-- WORK TO BE COMPLETED --
Set the listing down unchanged, minus every embedded image.
WORKING DATA START
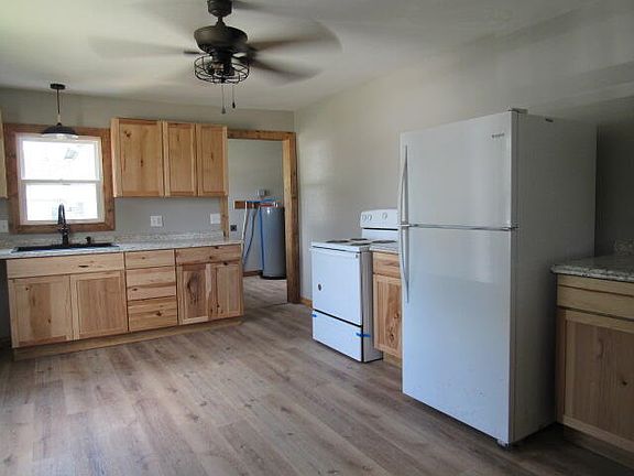 REMODEL COMPLETE! A cute 2 bedroom 1 bath home that has been remodeled including new Hickory kitchen cabinets, new Vinyl Plank flooring, some new sheetrock, granite kitchen sink and new windows.The home includes a range and refrigerator, split heating system and propane wall heater. It has a nice size laundry/mud room with a door leading to the back yard and a door going into the 1 car garage. The back yard is enclosed with a wood privacy fence.
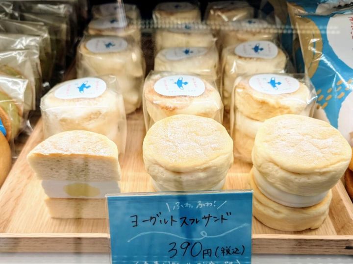 手のひらサイズの「ヨーグルトスフレサンド」(税込390円)。ふわふわのスフレパンケーキ生地でヨーグルトクリームを挟んでいます。分厚くて満足度も高いスイーツ!
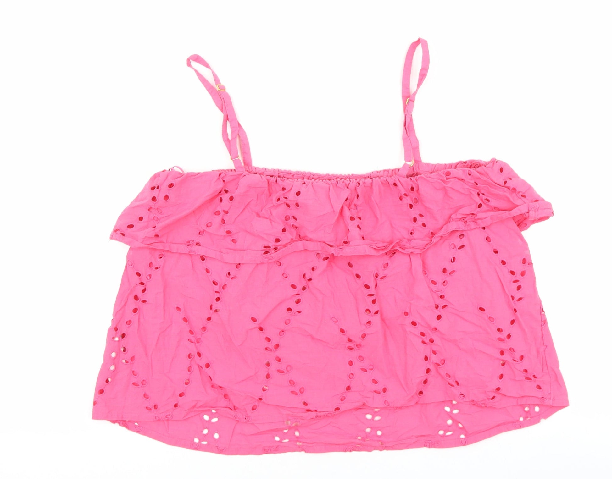 F&F Womens Orange Geometric Cotton Cropped Tank Size 14 Square Neck
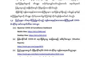 (ခ) မြန်မာနိုင်ငံ၏ COVID-19 ရောဂါဖြစ်ပွားမှု အခြေအနေပြ အစီရင်ခံစာများ (Situation Reports) https://mohs.gov.mm/page/9575
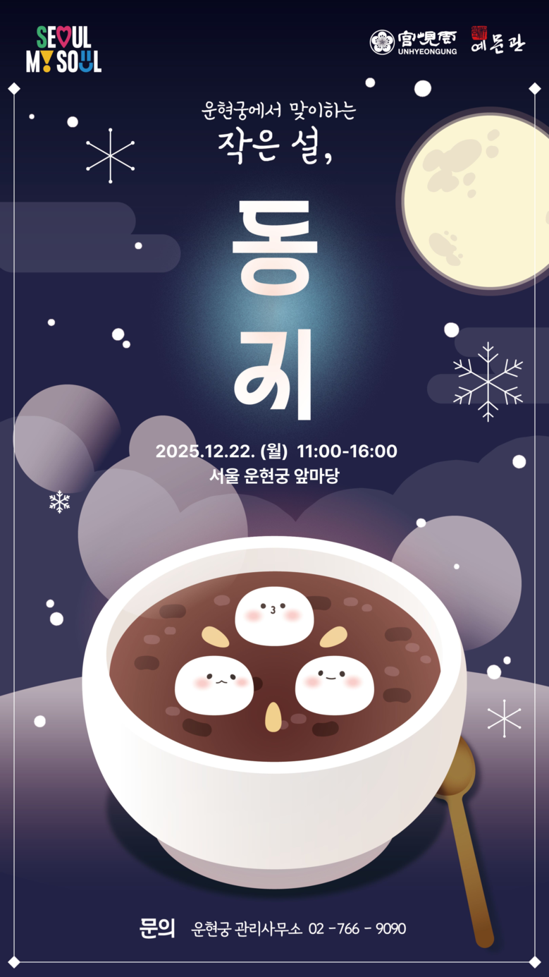 운현궁에서는 동지 당일인 12월 22일(월) <‘2025 운현궁에서 맞이하는 작은 설, 동지>’ 행사를 오전 11시부터 오후 4시까지 진행한다.
WORKING DATA END
-- RESPONSE TO THE EXERCISE --
 REMODEL COMPLETE! A cute 2 bedroom 1 bath home that has been remodeled including new Hickory kitchen cabinets, new Vinyl Plank flooring, some new sheetrock, granite kitchen sink and new windows.The home includes a range and refrigerator, split heating system and propane wall heater. It has a nice size laundry/mud room with a door leading to the back yard and a door going into the 1 car garage. The back yard is enclosed with a wood privacy fence.
 手のひらサイズの「ヨーグルトスフレサンド」(税込390円)。ふわふわのスフレパンケーキ生地でヨーグルトクリームを挟んでいます。分厚くて満足度も高いスイーツ!
 F&F Womens Orange Geometric Cotton Cropped Tank Size 14 Square Neck
 (ခ) မြန်မာနိုင်ငံ၏ COVID-19 ရောဂါဖြစ်ပွားမှု အခြေအနေပြ အစီရင်ခံစာများ (Situation Reports) https://mohs.gov.mm/page/9575
 운현궁에서는 동지 당일인 12월 22일(월) <‘2025 운현궁에서 맞이하는 작은 설, 동지>’ 행사를 오전 11시부터 오후 4시까지 진행한다.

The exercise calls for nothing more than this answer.